• Directions
Everything from the line that contains "Männedorf lake side" through the last line below should be transcribed exactly, except the pictures.

• Material provided
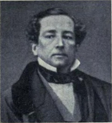 Swedish actor Oscar Andersson (1813-1866). Image from Nils Personne: Svenska Teatern VIII (1927).
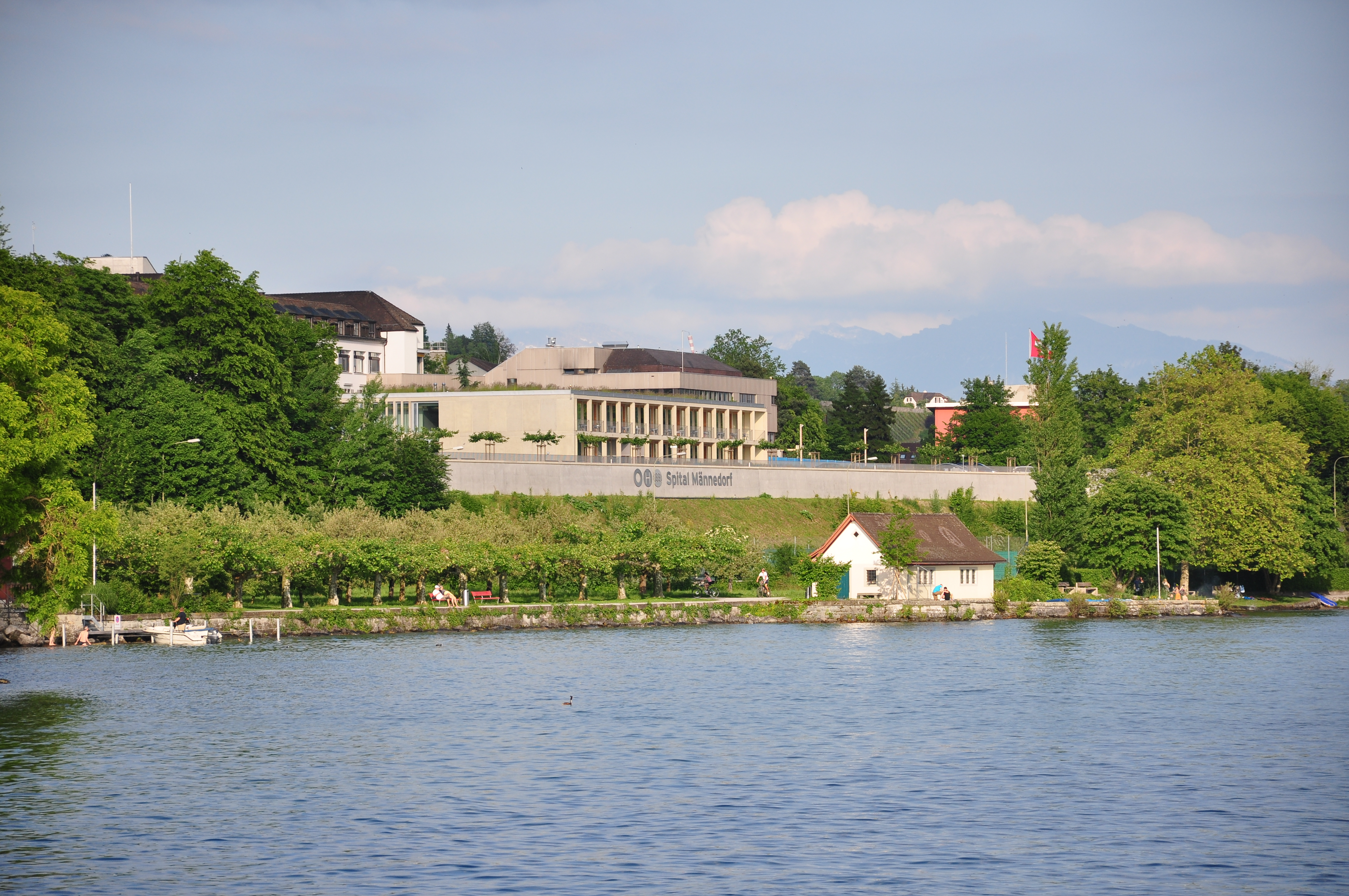 Männedorf lake side and regional hospital and north-western Pannenstiel (Switzerland) as seen from ZSG paddle steamship Stadt Zürich
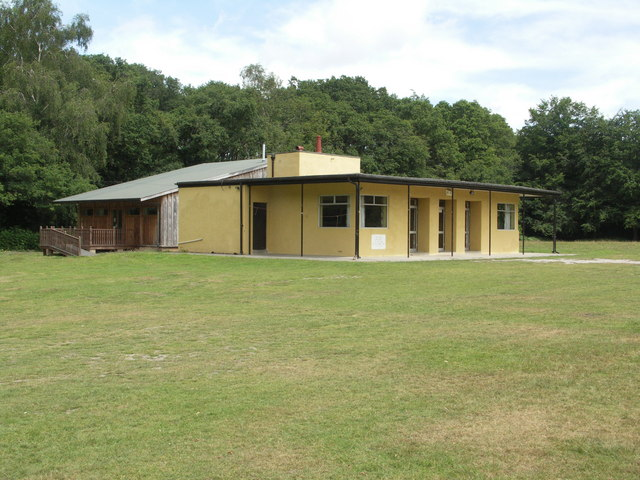 Girl Guide Building at Dudsbury Rings This (and adjacent buildings) are inside the Dudsbury Rings. The white notice on the front of the building reads "This stone was laid by Chief Guide, The Lady Baden Powell, Oct 3rd 1931".
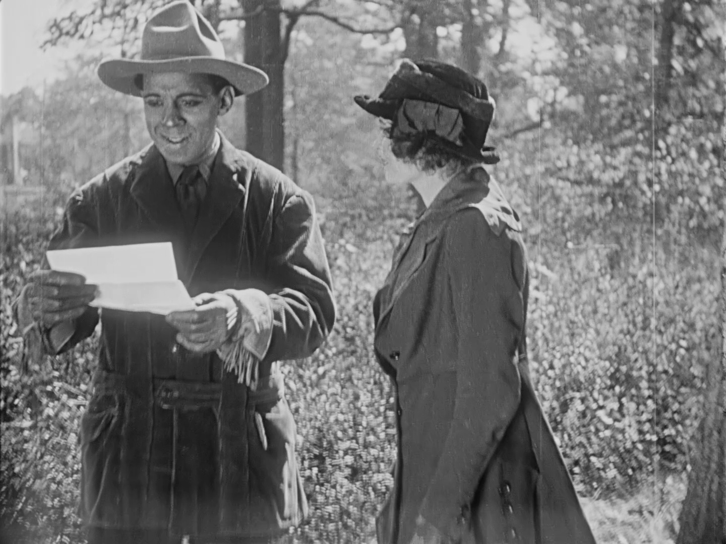 The Symbol of the Unconquered (aka The Wilderness Trail) is a 1920 silent "race film" drama produced, written and directed by Oscar Micheaux. This is a single scene from the film, as seen in a Youtube jazz video. The jazz part is clearly under copyright, but this image from the film is public domain as it was published in 1920. This is a low quality image, and a higher quality image should replace it if one can be found.

• Task solution
 Männedorf lake side and regional hospital and north-western Pannenstiel (Switzerland) as seen from ZSG paddle steamship Stadt Zürich
 Girl Guide Building at Dudsbury Rings This (and adjacent buildings) are inside the Dudsbury Rings. The white notice on the front of the building reads "This stone was laid by Chief Guide, The Lady Baden Powell, Oct 3rd 1931".
 The Symbol of the Unconquered (aka The Wilderness Trail) is a 1920 silent "race film" drama produced, written and directed by Oscar Micheaux. This is a single scene from the film, as seen in a Youtube jazz video. The jazz part is clearly under copyright, but this image from the film is public domain as it was published in 1920. This is a low quality image, and a higher quality image should replace it if one can be found.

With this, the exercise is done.